* Re: [PATCH] nfs: simplify and guarantee owner uniqueness.
[not found] ` <172652955677.17050.4744720185342907808@noble.neil.brown.name>
@ 2024-09-19 6:38 ` Jon Hunter
0 siblings, 0 replies; 3+ messages in thread
From: Jon Hunter @ 2024-09-19 6:38 UTC (permalink / raw)
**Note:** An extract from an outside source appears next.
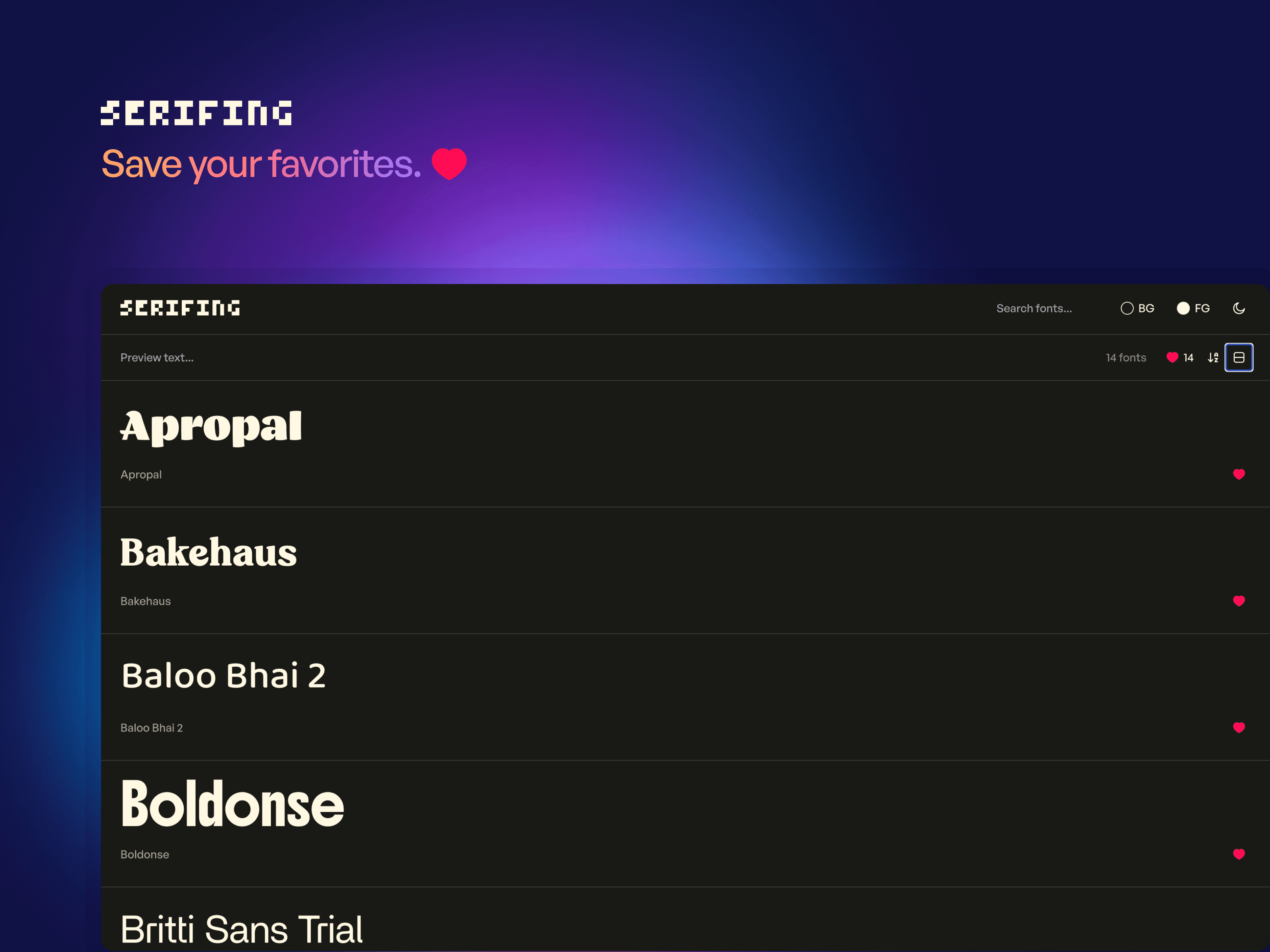 Curation & Discovery: Features "Like" functionality to build project-specific folders, effectively turning a messy "Fonts" folder into a curated design asset.

To: NeilBrown, Steven Price
Cc: Trond Myklebust, Anna Schumaker, linux-nfs,
linux-tegra@vger.kernel.org
Hi Neil,
On 17/09/2024 00:32, NeilBrown wrote:
> On Tue, 17 Sep 2024, Steven Price wrote:
>>
>> Hi Neil,
>>
>> I'm seeing issues on a test board using an NFS root which I've bisected
>> to this commit in linux-next. The kernel spits out many errors of the form:
>>
>> [ 7.478995] NFS: v4 server <ip> returned a bad sequence-id error!
>> [ 7.599462] NFS: v4 server <ip> returned a bad sequence-id error!
>> [ 7.600570] NFS: v4 server <ip> returned a bad sequence-id error!
>> [ 7.615243] NFS: v4 server <ip> returned a bad sequence-id error!
>> [ 7.636756] NFS: v4 server <ip> returned a bad sequence-id error!
>> [ 7.644808] NFS: v4 server <ip> returned a bad sequence-id error!
>> [ 7.653605] NFS: v4 server <ip> returned a bad sequence-id error!
>> [ 7.692836] NFS: nfs4_reclaim_open_state: unhandled error -10026
>> [ 7.699573] NFSv4: state recovery failed for open file
>> arm-linux-gnueabihf/libgpg-error.so.0.29.0, error = -10026
>> [ 7.711055] NFSv4: state recovery failed for open file
>> arm-linux-gnueabihf/libgpg-error.so.0.29.0, error = -10026
>>
>> (with the filename obviously varying)
>>
>> The NFS server is a standard Debian 12 system.
>>
>> Any ideas?
>
> Not immediately. It appears that when the client opens a file during
> recovery, the server doesn't like the seqid that it uses...
>
> Recover happens when the server restarts and when the client and server
> have been out of contact for an extended period or time (>90 seconds by
> default).
> Was either of those the case here? Which one?
I am seeing various failures on -next and bisect is also pointing to
this commit. Reverting it does fix these issues. On one board I also
observed ...
[ 12.674296] NFS: v4 server 192.168.99.1 returned a bad sequence-id error!
[ 12.780476] NFS: v4 server 192.168.99.1 returned a bad sequence-id error!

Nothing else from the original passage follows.